Laying the groundwork for the survival of power

Erdogan has ruled Turkey since 2003, first as prime minister and then as president since 2014. The change from a parliamentary to a presidential system in 2017, approved in a controversial referendum, gave him sweeping powers. The Turkish constitution, under Article 101, limits a person to two presidential terms, but Erdogan has circumvented this limit with legal interpretations and the support of the ruling coalition. Opponents argue that the 2014-2018 term; even though it was a parliamentary system, should count as the first, but Erdogan and his supporters deny this.

Recent statements by AKP officials and the Minister of Justice about early elections come at a time when Erdogan announced on May 22, 2025, that he did not intend to run for re-election and emphasized the need for a new constitution. This apparent contradiction reflects a complex strategy. By raising the issue of a new constitution or early elections, Erdogan is trying to present himself as a leader responsive to the will of the nation and the party, while his main goal is to continue his political dominance.

A personal project, not a party desire

The news in the “Türkiye” newspaper, citing an anonymous source, is more like a test balloon to gauge public reaction than a reflection of the AKP’s collective decision; the AKP, which has been under Erdogan’s control for the past two decades, has rarely made decisions independent of him. The party’s recent defeats in the 2024 local elections, especially in key cities such as Istanbul and Ankara, reflect the AKP’s declining popularity due to the economic crisis and 44% inflation. In this context, the emphasis on Erdogan’s candidacy, which is more popular than the party, is an attempt to revive the conservative and nationalist voter base, not necessarily the real will of the party body.

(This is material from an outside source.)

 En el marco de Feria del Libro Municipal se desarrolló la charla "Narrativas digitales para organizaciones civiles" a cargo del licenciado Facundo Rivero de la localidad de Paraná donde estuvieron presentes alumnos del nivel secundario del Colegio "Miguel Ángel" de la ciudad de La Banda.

AKP spokesman Ömer Çelik’s January 2025 statement that “the will of the people” was important for Erdogan’s candidacy, and Erdogan’s response to Ibrahim Tatlises (“If you are, I am too”) show that these moves are a personal project to maintain power, packaged as public will. Using his personal charisma and influence over the media, Erdogan is trying to create the impression that Türkiye will fall into crisis without him.

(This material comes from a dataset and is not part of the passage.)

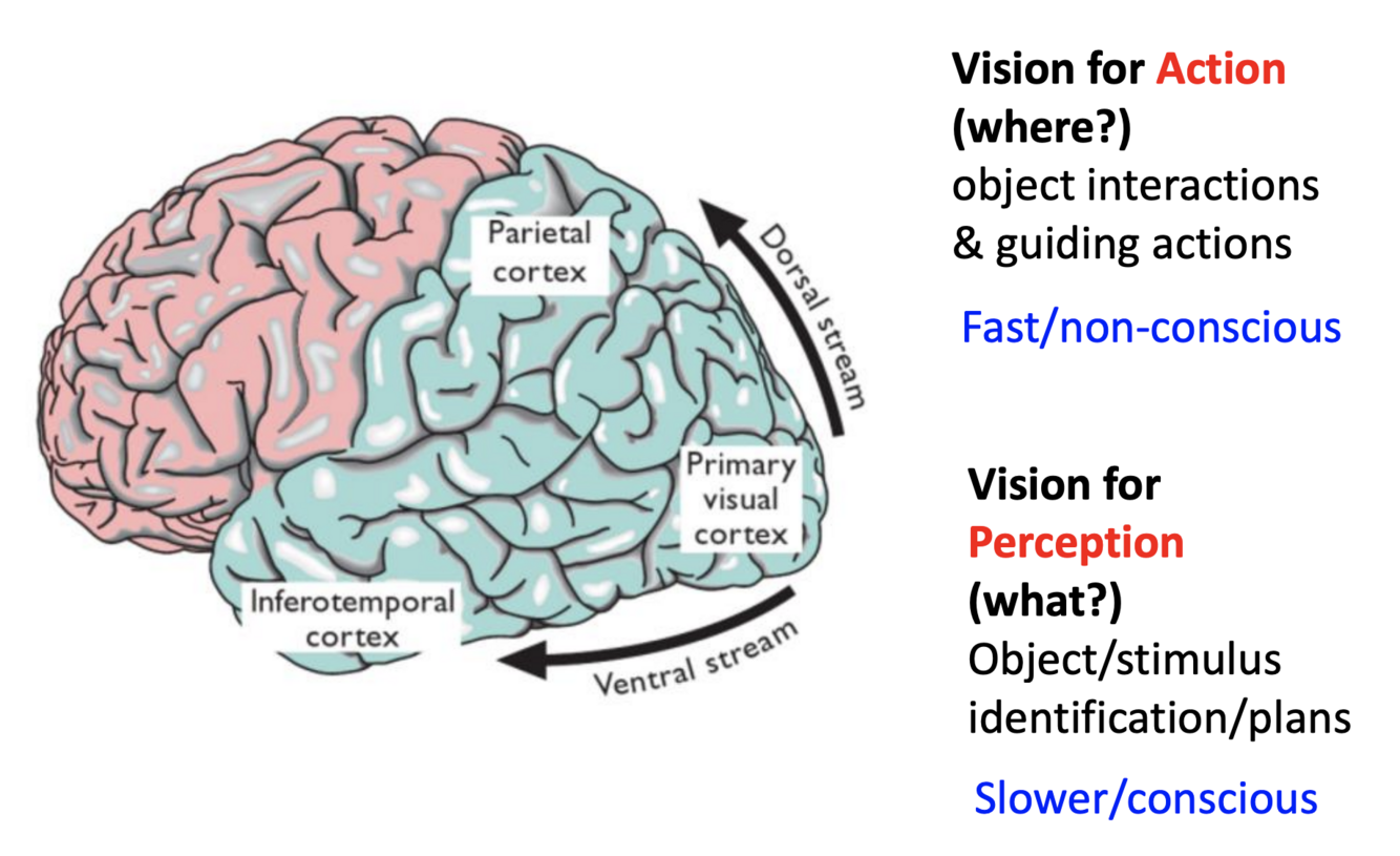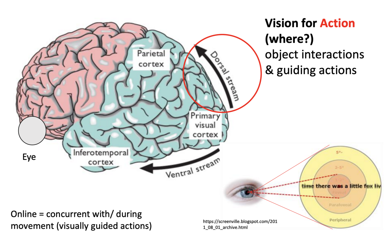 What is Other evidence for fast vision-for-action (dorsal) regulation of motor control?

Demonstration democracy and the ballot box

Erdogan has repeatedly used the ballot box to legitimize his power. Holding early elections, which require 360 ​​parliamentary votes, or changing Article 101 of the constitution are legal means to circumvent constitutional restrictions. But the ruling coalition, with 315 seats, would need the support of other parties, such as the Peoples’ Democratic Party or the New Welfare Party, to achieve this goal, which seems unlikely given the political differences. This situation is likely deliberately created to portray Erdogan as a “needed” leader to whom even the opposition will turn. Critics, including opposition analysts, believe that Erdogan is seeking to divert public attention from economic problems and create an excuse to change the laws by raising issues such as the “Öcalan Initiative” to disband the PKK or the new constitution. This tactic turns democracy into a theatrical tool for the perpetuation of power, where the ballot box is not an expression of free will, but the result of political engineering.

Continuing this project poses risks for Turkey. Erdogan’s focus on personal survival is preventing the AKP from addressing the economic and social crises. Growing discontent, especially among the youth and middle class, could lead to the strengthening of opposition parties, such as the Republican People’s Party (CHP), which enjoyed significant success in the 2024 local elections. Also, insistence on constitutional change or early elections may exacerbate political tensions and polarization. On the other hand, Erdogan, relying on his conservative base and coalition with the National Movement Party, still has considerable influence. But this influence relies more on his charisma than on the AKP’s organizational strength. If this project fails, the AKP could face a leadership crisis, as Erdogan has not named a clear successor.